I've some of the concepts of references, and that it solves multiple living-refences that would otherwise lead to double free, or to access de-allocated data.

In the case below, one isn't using references but just "following the pointers" with *. I'm aware that "pointer" isn't the best concept maybe, but idk what to use here.

I think the reason why the first one is not allowed is what I stated above (but may be wrong?)

However, I don't get why wouldn't the Box<T> behave the same. Instead it moves the data, or copies it if it's a number.

Is there a simple explanation? (up to beginning of chapter 5 this wasn't yet explained in the book, imho.)

fn main(){
    dereferencing_cases();
}
fn follow_the_pointer_cases() {
    let v = vec![String::from("meow")];
    let y = *v[0]; // Does not or it could cause troubles (maybe double frees)
    // or access data that has moved i.e v2[0]

    let ss = Box::new(String::from("My String"));
    let ss2 = *ss; // works fine, and moves the String!
    println!("{ss2}")
    // so println!("{ss:?}") would fail
}

(tbc: i'm aware we can just clone it as an option.)

It's a limitation of index expressions, which are place expressions that don't allow moving out of. You have to use a method of the collection instead, like Vec::remove, or VecDeque::pop_front for example.

Box is special; if x: Box<Something> then you can move a value out of *x, but it is the only type that supports this ability to move out of a dereference. The fact that Box is unique in this way is largely a historical accident — Box used to be even more magical than it is today, and no one has yet invented a solid plan for extending this to arbitrary other types.

Unfortunately this is the wrong explanation.

v[0] already "follows" one pointer and refers to the memory location where the String. You're then trying to follow the pointer that the String represents (because it implements the Deref trait). However String points to a str, which is an "unsized" type, because a str could have any length, and so you can't follow it and move/copy it to a variable, because variable can only contain "sized" data, that is data whose type's size is known at compile time.

I encourage you to try the same but storing a Box<String> and/or Box<i32> in the Vec and seeing what happens.

Thanks for the correction @SkiFire13. But one could still use *v right? Or even v[0] which does not move the String either.

And this does still fail:

    let v = vec![Box::new(String::from("meow"))];
    let y = *v[0];

Due to the Copy trait, but does not fail in the Box(String).

You can not move elements out of a vector. The actual element type does not matter, moving an element out of a vector would leave a void hole, making the whole vector invalid. Think of a vector with n elements, moving an element with index < n out. There would be a hole.

Yes, that makes sense, what doesn't to me, in a way, is that one can remove it (move it) from a Box.

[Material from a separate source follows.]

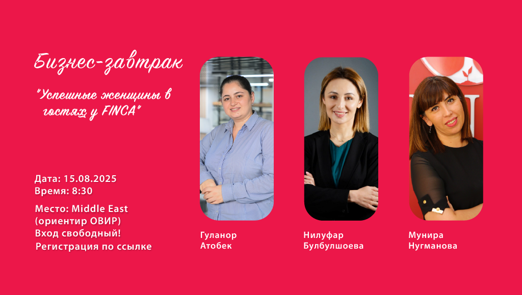 Клуб женщин FINCA рад объявить о проведении бизнес-завтрака, который состоится 15 августа 2025 года в 8:30. Мероприятие пройдет в уютной атмосфере ресторана Middle East (ориентир ОВИР).
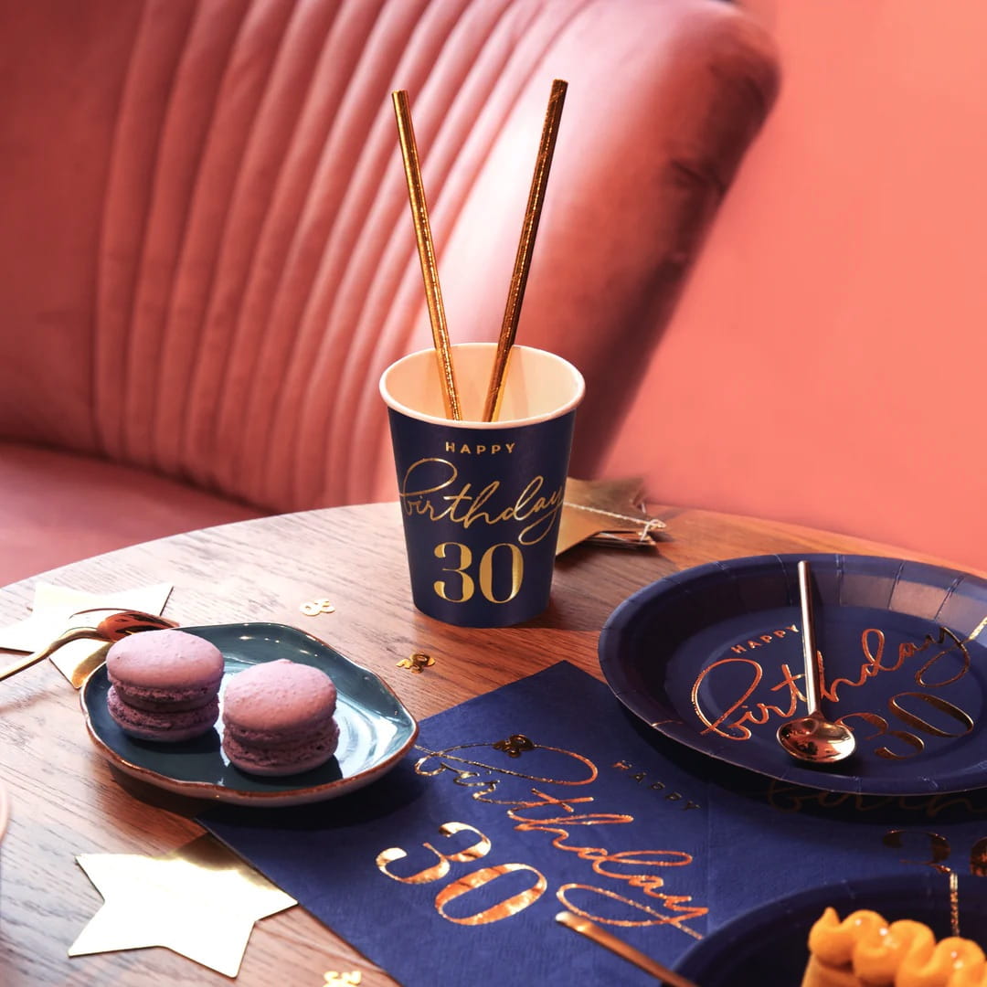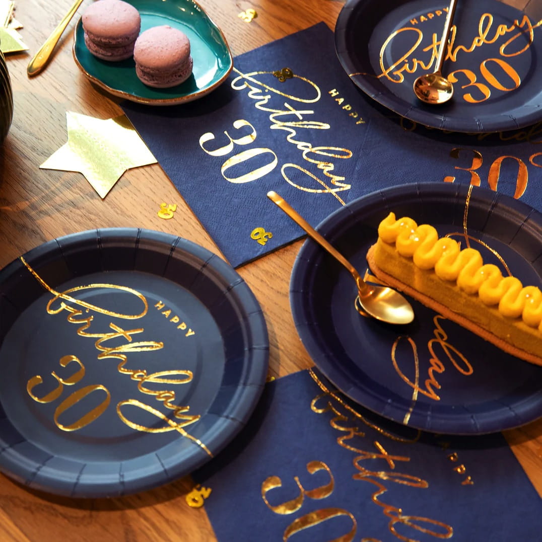 ⭐️ Stylowy design: Serwetki posiadają granatowy kolor z złotym nadrukiem "Happy Birthday 30", co nadaje im elegancki wygląd i dodaje uroku każdemu przyjęciu urodzinowemu.

Thanks @kpreid, that's interesting.

So ref/deref is the right term even though it allows moving from Box. (normally one can not move data behind refs iiuc.) Just Box is different.

From the links by @jofas, which I may misunderstand, I wonder whether this is bc Box implements "Sized" and Vecs don't ?

Or maybe it was simply this sentence it was being pointed at:

• The result of dereferencing an expression with type Box<T> and that can also be moved out of.

So Vectors' place expressions do not support moving data out.

Vec is also Sized. Your *v[0] dereferences the String in v[0] into a str, which is !Sized.

Yes.